■ Data block
----

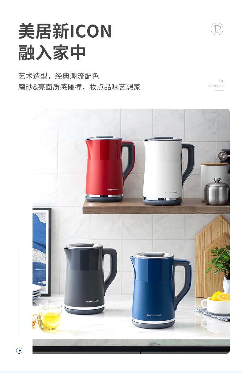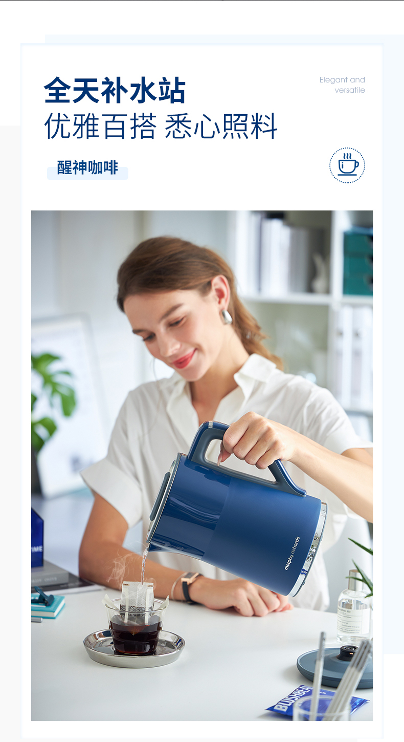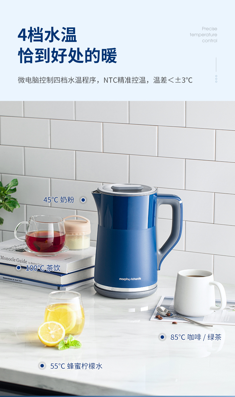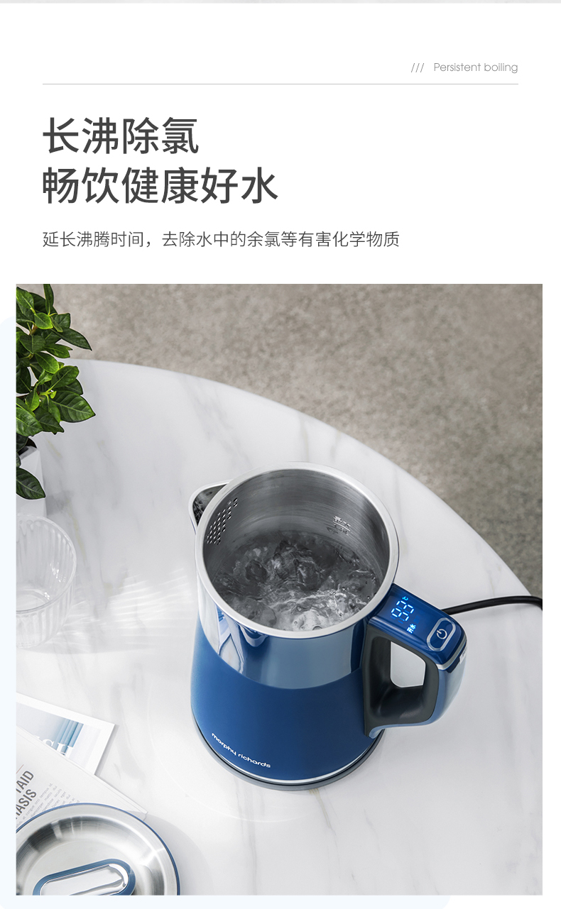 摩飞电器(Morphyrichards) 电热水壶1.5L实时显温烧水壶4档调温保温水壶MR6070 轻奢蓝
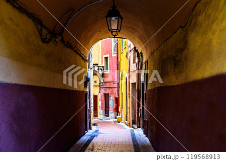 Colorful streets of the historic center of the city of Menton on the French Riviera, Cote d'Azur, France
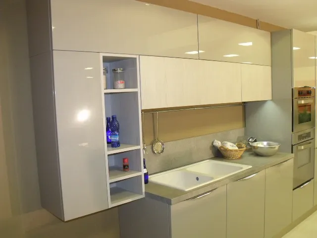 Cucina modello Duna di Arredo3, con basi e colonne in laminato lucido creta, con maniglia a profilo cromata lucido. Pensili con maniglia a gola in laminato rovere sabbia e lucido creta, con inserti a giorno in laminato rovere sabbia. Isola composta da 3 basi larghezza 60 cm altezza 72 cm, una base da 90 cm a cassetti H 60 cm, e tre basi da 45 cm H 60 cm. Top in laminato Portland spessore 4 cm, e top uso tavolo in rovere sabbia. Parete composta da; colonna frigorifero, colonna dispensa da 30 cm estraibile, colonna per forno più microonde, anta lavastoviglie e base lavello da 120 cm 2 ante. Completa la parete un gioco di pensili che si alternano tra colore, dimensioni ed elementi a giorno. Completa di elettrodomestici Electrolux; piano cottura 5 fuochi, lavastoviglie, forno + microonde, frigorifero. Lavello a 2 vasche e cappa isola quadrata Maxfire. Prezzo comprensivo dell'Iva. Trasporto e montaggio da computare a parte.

----

■ Exercise
Keep the pictures out of the copy and return the rest of the data above exactly.

■ Your solution
 摩飞电器(Morphyrichards) 电热水壶1.5L实时显温烧水壶4档调温保温水壶MR6070 轻奢蓝
 Colorful streets of the historic center of the city of Menton on the French Riviera, Cote d'Azur, France
 Cucina modello Duna di Arredo3, con basi e colonne in laminato lucido creta, con maniglia a profilo cromata lucido. Pensili con maniglia a gola in laminato rovere sabbia e lucido creta, con inserti a giorno in laminato rovere sabbia. Isola composta da 3 basi larghezza 60 cm altezza 72 cm, una base da 90 cm a cassetti H 60 cm, e tre basi da 45 cm H 60 cm. Top in laminato Portland spessore 4 cm, e top uso tavolo in rovere sabbia. Parete composta da; colonna frigorifero, colonna dispensa da 30 cm estraibile, colonna per forno più microonde, anta lavastoviglie e base lavello da 120 cm 2 ante. Completa la parete un gioco di pensili che si alternano tra colore, dimensioni ed elementi a giorno. Completa di elettrodomestici Electrolux; piano cottura 5 fuochi, lavastoviglie, forno + microonde, frigorifero. Lavello a 2 vasche e cappa isola quadrata Maxfire. Prezzo comprensivo dell'Iva. Trasporto e montaggio da computare a parte.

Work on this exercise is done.